A city would see a stranger if it saw itself as we describe it. So much would always remain unknown to us. We lived there for the briefest of a place’s moment, our lives mere stones falling through a lake’s surface, leaving a quickly forgotten ripple. I wondered if, with all those maps I now had, all those layers, the country might finally recognise itself in all those attempts to represent it, amid our collective, desperate scrawls.

I had lunch at a bistro, and then went to a public phone to make a call to terminate the lease on the Moscow apartment. Averse to returning there, almost guilty, as though I’d betrayed those rooms, I had a compulsion to go to the psychiatric institution where my father had once been incarcerated, a place that had long haunted my imagination. To reach the Serbsky Institute from the Arbat District I took the metro to Smolenskaya. From the station I walked about ten minutes to Kropotkin Lane. Along a grey-white wall, seemingly endless, was a small recess, just wide enough for two wooden doors. Above, the number twenty-three was written in white on a blue oval sign.
I felt I’d returned to a place I’d never been.
What little I knew about the institution came from books. I remembered the account by Leonid Plyushch. He wrote of how he felt increasingly that the tranquillisers and pills administered daily against his will were deadening something inside him, the will to read and think, the very idea of politics. His memory, he felt sure, was slipping away. And it was particularly painful to have his children come to visit; forcing smiles, making jokes when his heart was as grey as could be. And worst of all, he said, was the increasing fear that his mental condition was in fact deteriorating with each day in that oppressive ward, and that perhaps the job of his torturers would become easier if he went mad.
And I remembered Nekipelov’s recollections of awaiting the ride in a Black Maria truck from Butyrka to the Serbsky, the desperate etchings he saw scratched into the prison wall with pencils, nails or burnt matches: K, they’re taking me to the Serbsky, V and Waiting for transit to Serbsky or simply, I’ve been committed . And of Serbsky, he recalled the tranquillising drugs administered to the prisoners; how the most passionate, aggressive, stubborn inmates would suddenly fall onto their beds, and thereafter move about as though dazed, empty vessels with no will or want.

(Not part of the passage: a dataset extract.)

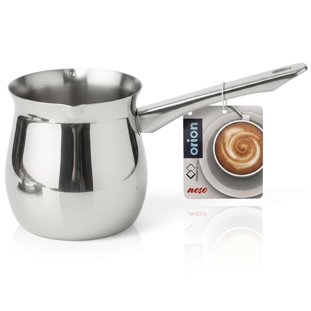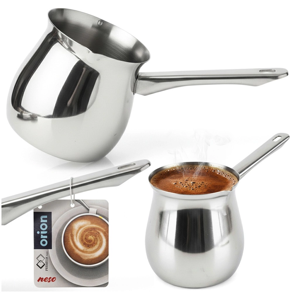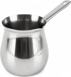 Découvrez une préparation du café simple et parfumée comme au café. Le cezve en acier inoxydable de 400 ml est idéal pour le café turc, mais aussi pour le chauffage du lait et d’autres boissons. L’inox de qualité garantit une longue durée de vie, un entretien facile et une allure élégante qui s’intègre à toute cuisine.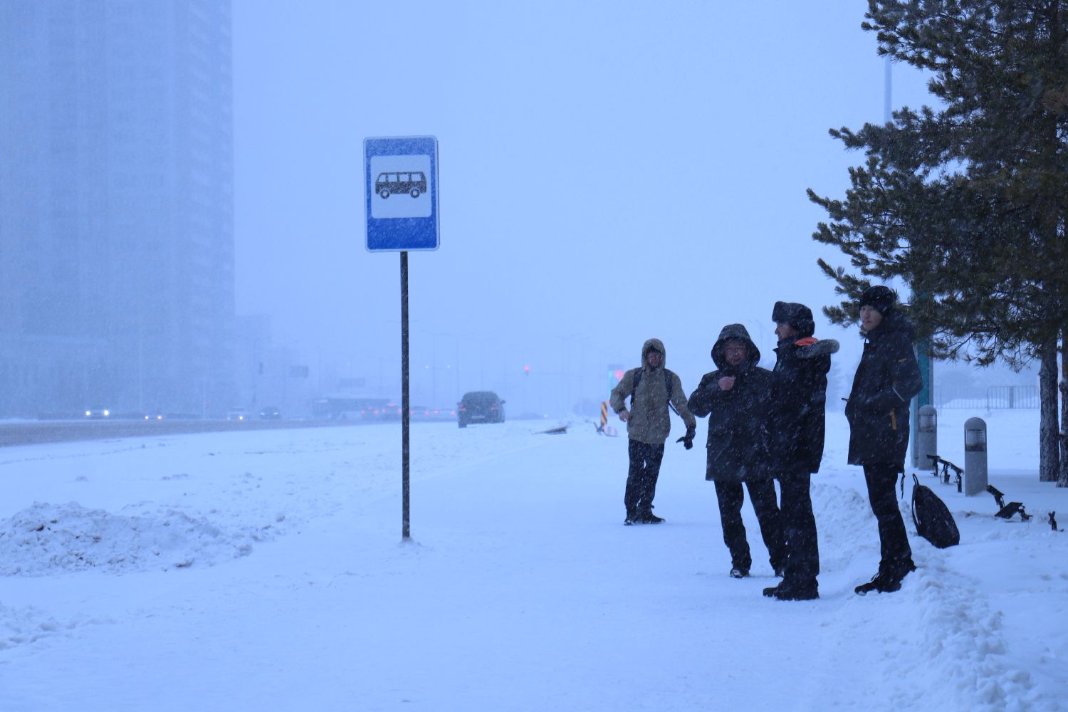 当地时间1月10日,哈萨克斯坦首都阿斯塔纳迎暴风雪天气。图为当地民众在站点等待公交车。(图片来源:中新社)

I could see us together, sometimes, my father and me. It was a feeling, an impression, more than a memory. Lying on his bony chest (to me he was always thin, maybe because I knew he’d starved to death, maybe because he never was very big anyway), I could smell tobacco, thick and strong; he might have been smoking, or it could have been an old scent buried in the fibres of his shirt, or even just the association of that smell with the dissident aunts and uncles I so loved. And on his chest I rose up and down with his breath, moved as he talked (maybe my mother, or Oleg, or someone else was in the room), as if together we rode light waves. I wasn’t asleep but maybe close to sleep; all I could see was the edge of him, his shirt, and a section of the floor, the linoleum sea streaked with light from the curtained window.